Iran Executes Poet for ‘Waging War on God’

ASHARQ AL-AWSAT

Rouhani approves execution of Arab–Iranian poet
Hashem Shaabani was hanged in an unidentified prison last Monday


Iranian President Hassan Rouhani arrives to meet with members of a group of ex-global leaders known as the Elders, in Tehran on January 28, 2014. (AFP PHOTO/BEHROUZ MEHRI)
Iranian President Hassan Rouhani arrives to meet with members of a group of ex-global leaders known as the Elders, in Tehran on January 28, 2014. (AFP PHOTO/BEHROUZ MEHRI)

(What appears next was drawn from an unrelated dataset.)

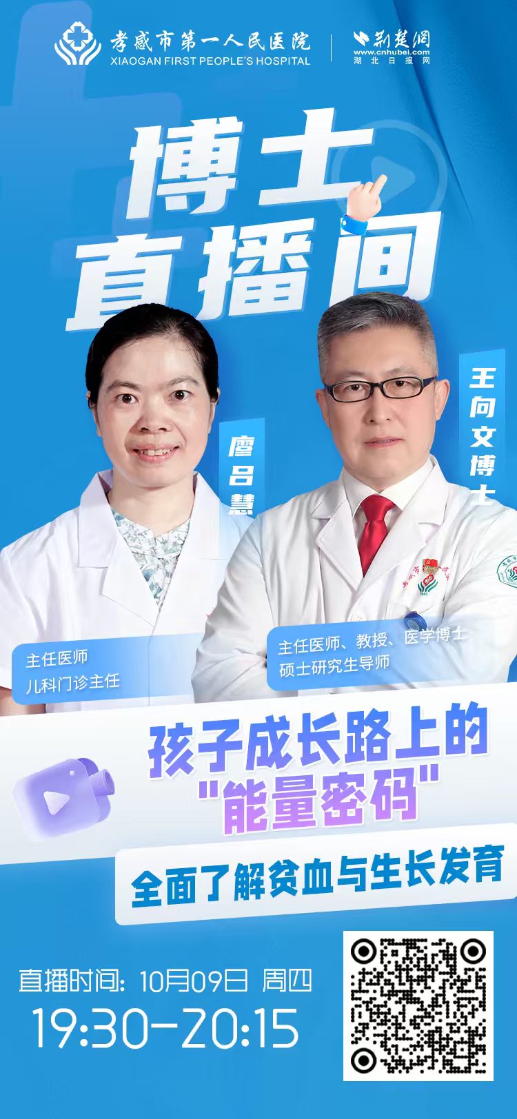 不用担心! 10月9日,星期四,晚上7:30,博士直播室特别邀请儿科专家回答单身儿童贫血的问题,并帮助孩子们找到充分的成长能量!

London, Asharq Al-Awsat—Last month, Hassan Rouhani, the new President of Iran, made a whirlwind visit to Ahvaz, capital of the southwestern province of Khuzestan. According to official media, Rouhani spent much of his time there dealing with “a number of sensitive files” left undecided by the outgoing president, Mahmoud Ahmadinejad.

One such file concerns 14 human rights activists who had been in prison for up to two years. When Rouhani took over as president he had them moved from the Karoun Prison in Ahvaz to an unknown destination. There, last July, an Islamic Revolutionary Tribunal with a single judge, Ayatollah Muhammad-Baqer Mussavi, sentenced the 14 to death on charges of “waging war on God” and “spreading corruption on earth” and “questioning the principle of velayat-e faqih” (the guardianship of the jurist). Before he left Ahvaz, Rouhani gave his green light for the executions. The first two executions were carried out last Monday when Hashem Shaabani and Hadi Rashedi were hanged in an unidentified prison.
Both men were well known in human rights circles across Iran and had a long record of advocating greater cultural freedoms for Iran’s ethnic Arab-speaking minority, believed to number almost two million.

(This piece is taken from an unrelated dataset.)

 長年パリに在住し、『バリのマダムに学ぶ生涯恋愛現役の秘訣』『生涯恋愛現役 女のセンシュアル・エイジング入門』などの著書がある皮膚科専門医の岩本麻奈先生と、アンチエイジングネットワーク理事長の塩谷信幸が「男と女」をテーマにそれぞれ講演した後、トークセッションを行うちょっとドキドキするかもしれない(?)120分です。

Shaabani, aged 32, was especially known in cultural circles because of the poetry he published both in Persian and Arabic. He was also a founder of the Dialogue Institute that aimed at promoting a better understanding of Arabic literature and culture among Iranians. The institute offered Arabic language classes for a nominal fee and helped with the translation of modern Persian poems into Arabic and vice-versa.